§ Your goal
Could you give back exactly the lines below from the one with "先進国企業は、安価な労働力や" through the one with "Los consejeros Soro", without a single picture?
╭─ Data for this task
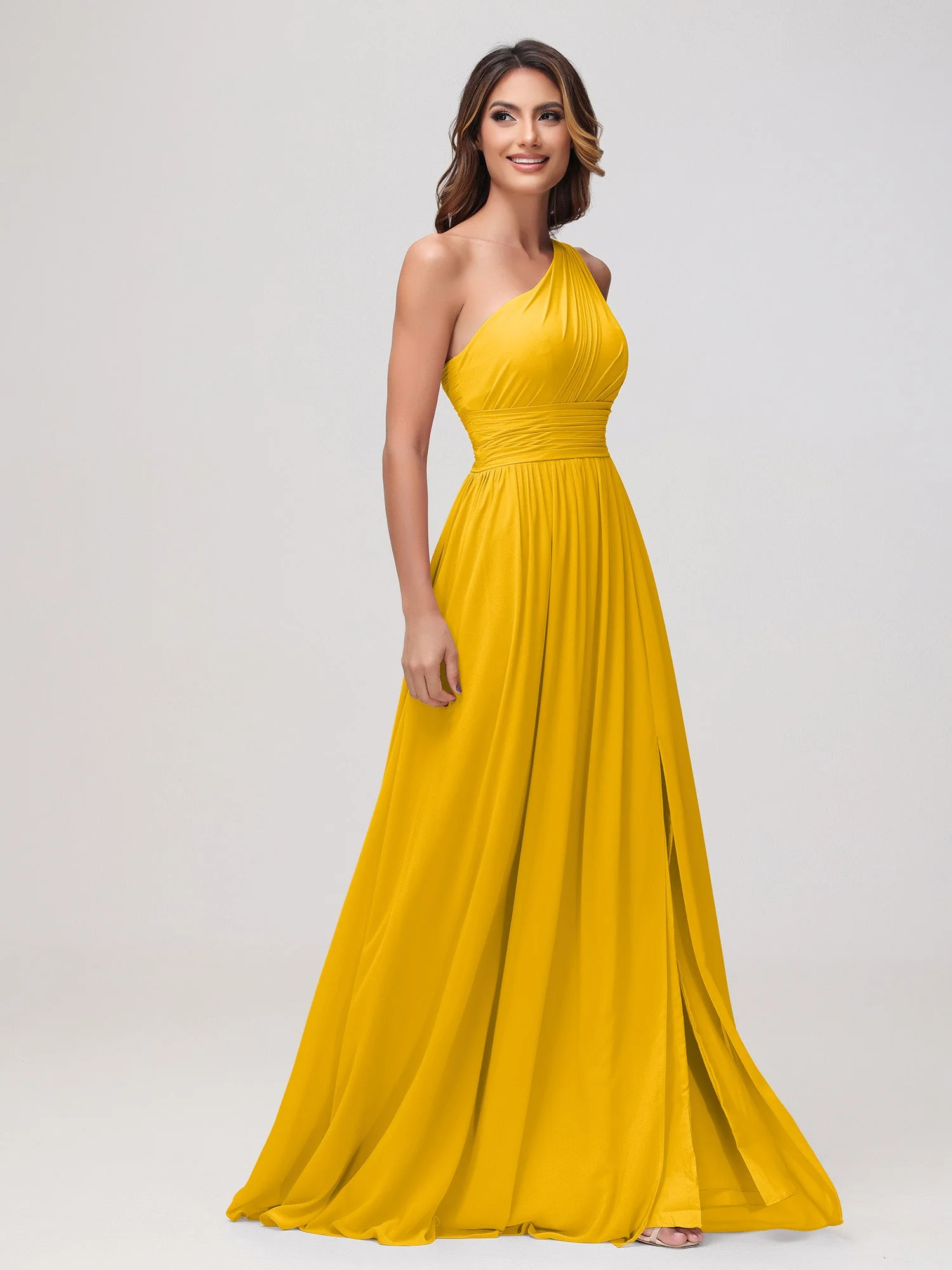 Eine Schulter Ärmellos Rüschen Chiffon A-Linie Kleid Ringelblume
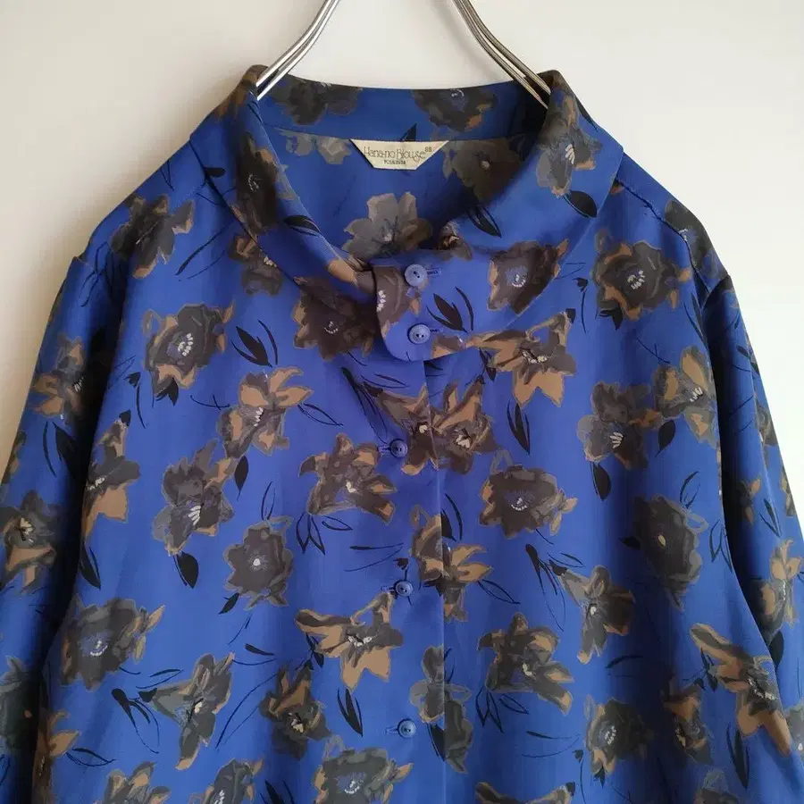 꽃무늬 롤 칼라 블라우스 블루 빈티지 카키
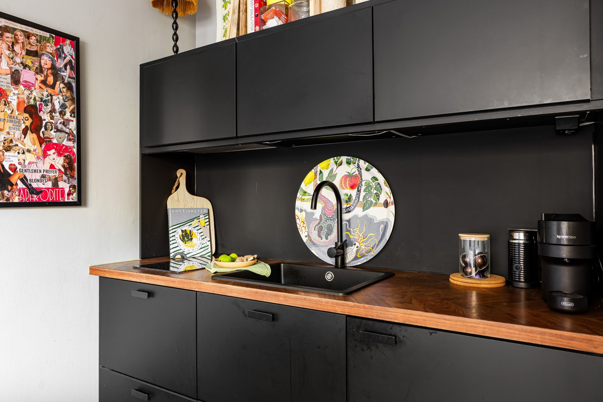 Kök med mörka, släta köksluckor och matchande väggpanel. Bänkskiva i trä som skapar en varm kontrast mot det mörka. Kökets maskinella utrustning består av kyl och spishäll.
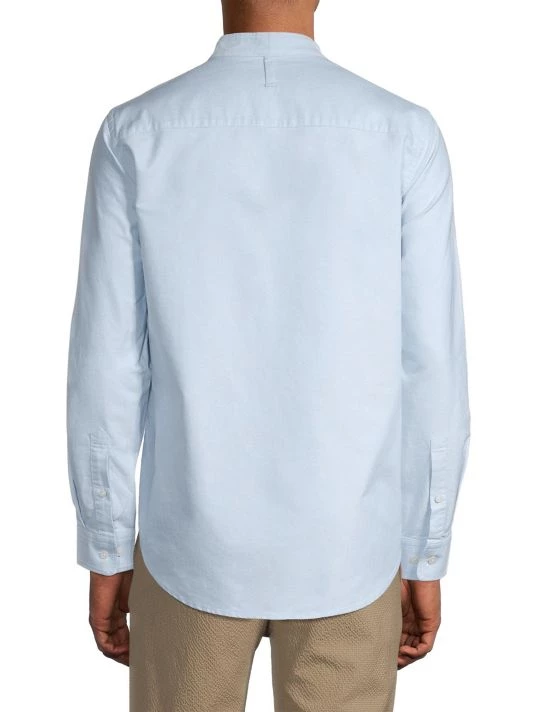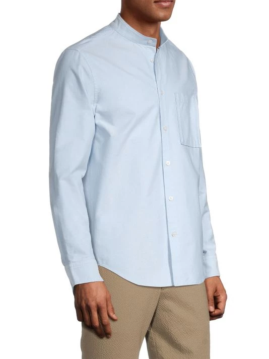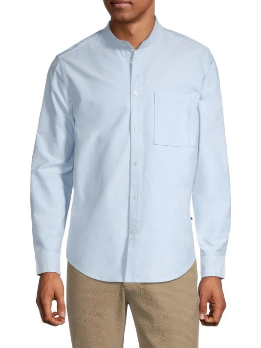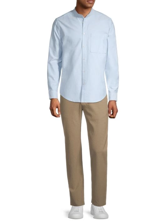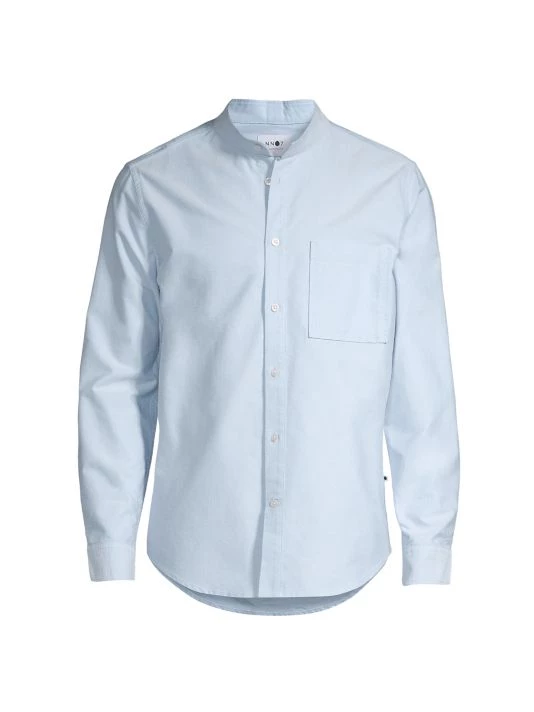 NN07, an abbreviation for no nationality and the founding year of the brand, is named for its open-minded, no-borders approach to fashion. The Copenhagen-based label produces exceptionally crafted, versatile essentials, from warm knits and lightweight T-shirts to tailored trousers and casual denim. From The Commuter, The Weekender, NN07 Jeans Collection, this long-sleeve shirt is crafted of ultra-soft cotton with a band collar and classic chest patch pocket.
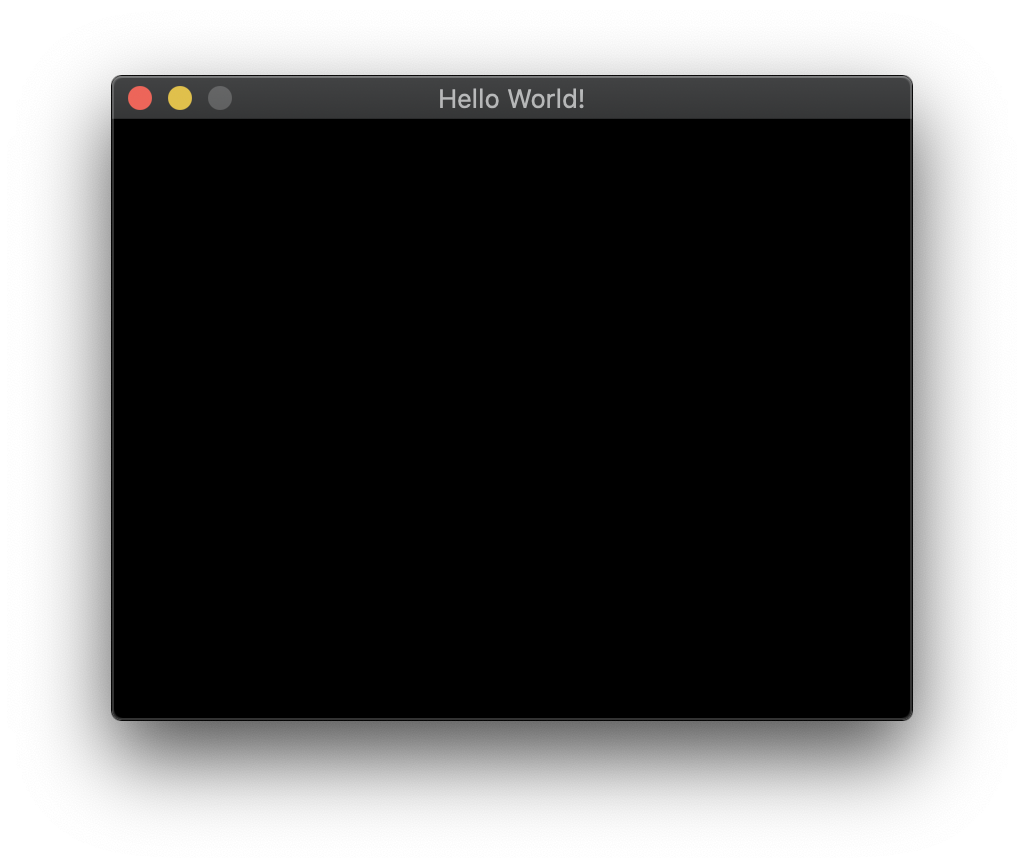 이제 우리 게임앱을 더 확장시켜보자. 이제 다음의 2줄의 코딩을 더해 총 3줄(라인)짜리 코딩이 되었다. 우리는 단지 이 3줄짜리 코드만으로 앱 이름으로 'Hello World' 라는 이름을 갖는 가로세로 400 x 300 픽셀크기의 내용없는 화면만 가진 아주 간단한 프로그램을 만들었다. 이를 Play(실행) 버튼을 눌러 실행시켜보자.
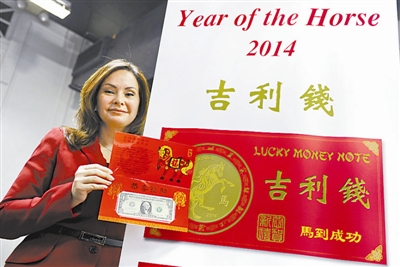 12月3日,在美国首都华盛顿,美国财政部官员罗茜·里奥斯展示农历马年限量版一美元“吉利钱”。美国财政部造币和印钞局当日宣布,为庆祝即将到来的中国农历马年,自4日起发行2014年版生肖马主题限量版“吉利钱”一美元纸币。
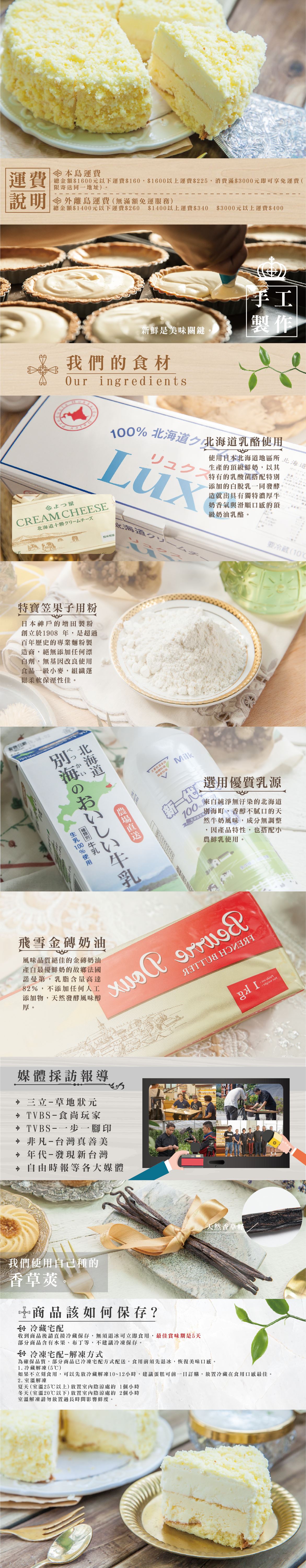 - 日本麵粉、雞蛋、法國鮮奶油、北海道LUXE乳酪、寒天、糖、蜂蜜、台灣香草莢。
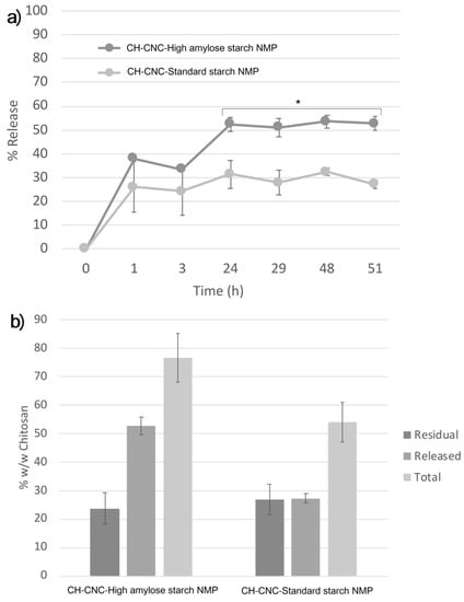 The in vitro release profiles plateaued after 24 h, reaching around 50% for NMP with high amylose starch and 30% for NMP with standard starch. This behavior may be explained considering the gelling capacity of HA starch, which as observed in other cases [79], may enhance swelling thus promoting particle dispersion/dissolution and CH release.
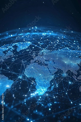 Fototapeta premium Abstract digital world map with global network connections and data transfer, technology background concept. Blue glowing lines on a dark blue background.
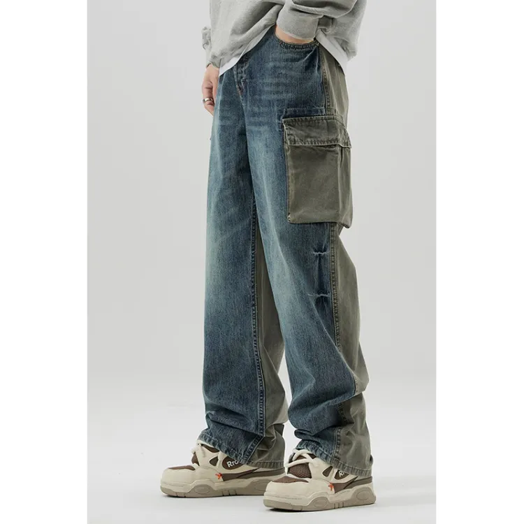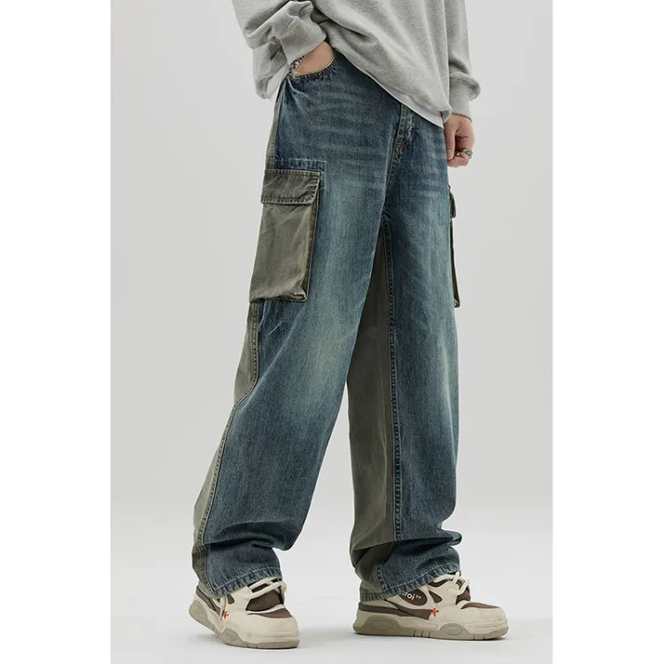 BAOMIKA Синий Серый Унисекс Джинсы
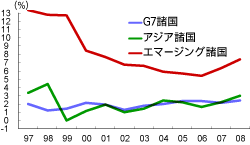 先進国企業は、安価な労働力や輸送費に着目し、アジアやエマージング諸国に生産拠点を置き、コスト面でのメリットを享受し、製品価格を低く抑えてきました。これがインフレ抑制に寄与しました。しかし、2006年以降、アジアやエマージング諸国の物価が急激に上昇しはじめたこともあり、今までの低コストを利用したメリットの構造は変化し始めた模様です。
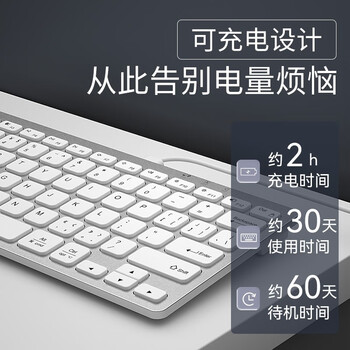 B.O.W航世 HD098C 超薄便携静音双模键盘78键 无线蓝牙妙控外接ipad电脑手机平板充电办公键盘 白色
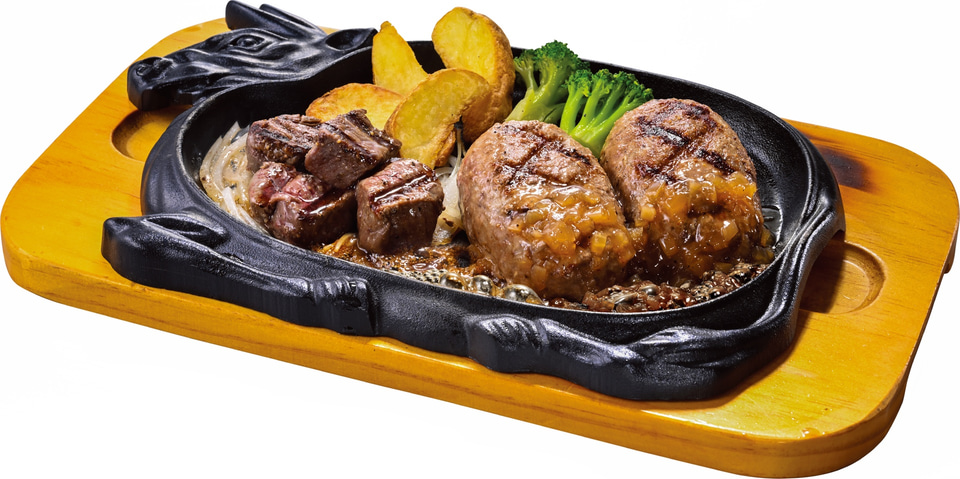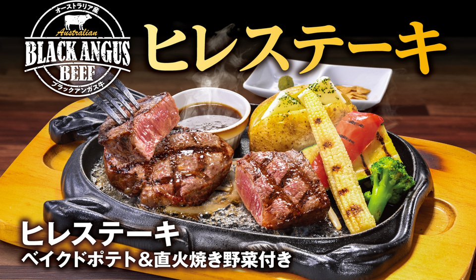 メニューは、ヒレステーキにベイクドポテトと、ズッキーニやヤングコーンなどの直火焼き野菜を添えた「ヒレステーキ ベイクドポテト&直火焼き野菜付き」、カットしたヒレステーキと“大俵ハンバーグ”が楽しめる「ヒレカットステーキ(80g)&大俵ハンバーグ」、グリルチキン(100g)とジューシーな手ごねハンバーグ(100g)を組み合わせた「ヒレカットステーキのトリプルグリル」が登場する。
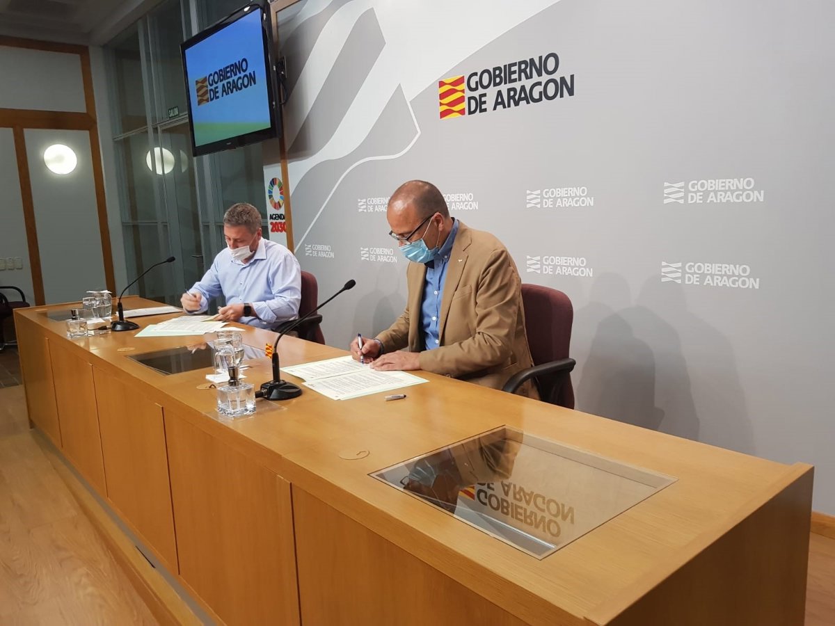 Los consejeros Soro y Faci firman el convenio para el hangar del Aeropuerto de Teruel. - GOBIERNO DE ARAGÓN
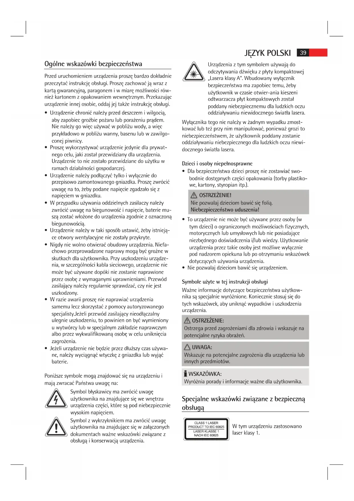 - Jeżeli urządzenie nie będzie przez dłuższy czas używa- ne, należy wyciągnąć wtyczkę z gniazdka lub wyjąć baterie. Poniższe symbole mogą znajdować się na urządzeniu i mają zwracać Państwa uwagę na: Symbol błyskawicy ma zwrócić uwagę użytkownika na znajdujące się we wnętrzu urządzenia części, które są pod niebezpiecznie wysokim napięciem. Symbol z wykrzyknikiem ma zwrócić uwagę użytkownika na znajdujące się w załączonych dokumentach ważne wskazówki związane z obsługą i konserwacją urządzenia. Urządzenia z tym symbolem używają do odczytywania dźwięku z płyty kompaktowej „Lasera klasy A“. Wbudowany wyłącznik bezpieczeństwa ma zapobiec temu, żeby użytkownik w czasie otwier-ania kieszeni odtwarzacza płyt kompaktowych został poddany niebezpiecznemu dla ludzkich oczu oddziaływaniu niewidocznego światła lasera. Wyłącznika tego nie należy w żadnym wypadku zmost- kować lub też przy nim manipulować, ponieważ grozi to niebezpieczeństwem, że użytkownik poddany zostanie oddziaływaniu niebezpiecznego dla ludzkich oczu niewi- docznego światła lasera. Dzieci i osoby niepełnosprawne
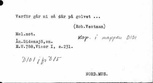 //// Varför går ni så dar på golvet ... //// (RolD.Vestman) //// Mel.not? //// 0 llånp s i H^Mf-jp&U Dm //// An.Sidensjö,sn. ' //// E.U.788,Visor I, s.231. //// 1>IÖI jjp^/r //// IORD.MUS. //// k. . . . _ — ___ . ; d- . . . - . ^... X' y xiå . /—V,. ___ ////
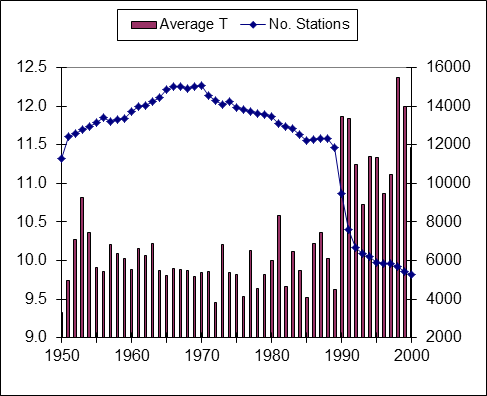 Truth: Remember that there is no such thing as a global temperature. It is the average of all of the reporting stations all over the world. The rapid rise in temperatures in the 1990s directly coincides with a decrease in the number of Siberian weather stations reporting due to the break-up of the Soviet Union.
╰─
§ Task solution
 先進国企業は、安価な労働力や輸送費に着目し、アジアやエマージング諸国に生産拠点を置き、コスト面でのメリットを享受し、製品価格を低く抑えてきました。これがインフレ抑制に寄与しました。しかし、2006年以降、アジアやエマージング諸国の物価が急激に上昇しはじめたこともあり、今までの低コストを利用したメリットの構造は変化し始めた模様です。
 B.O.W航世 HD098C 超薄便携静音双模键盘78键 无线蓝牙妙控外接ipad电脑手机平板充电办公键盘 白色
 メニューは、ヒレステーキにベイクドポテトと、ズッキーニやヤングコーンなどの直火焼き野菜を添えた「ヒレステーキ ベイクドポテト&直火焼き野菜付き」、カットしたヒレステーキと“大俵ハンバーグ”が楽しめる「ヒレカットステーキ(80g)&大俵ハンバーグ」、グリルチキン(100g)とジューシーな手ごねハンバーグ(100g)を組み合わせた「ヒレカットステーキのトリプルグリル」が登場する。
 Los consejeros Soro y Faci firman el convenio para el hangar del Aeropuerto de Teruel. - GOBIERNO DE ARAGÓN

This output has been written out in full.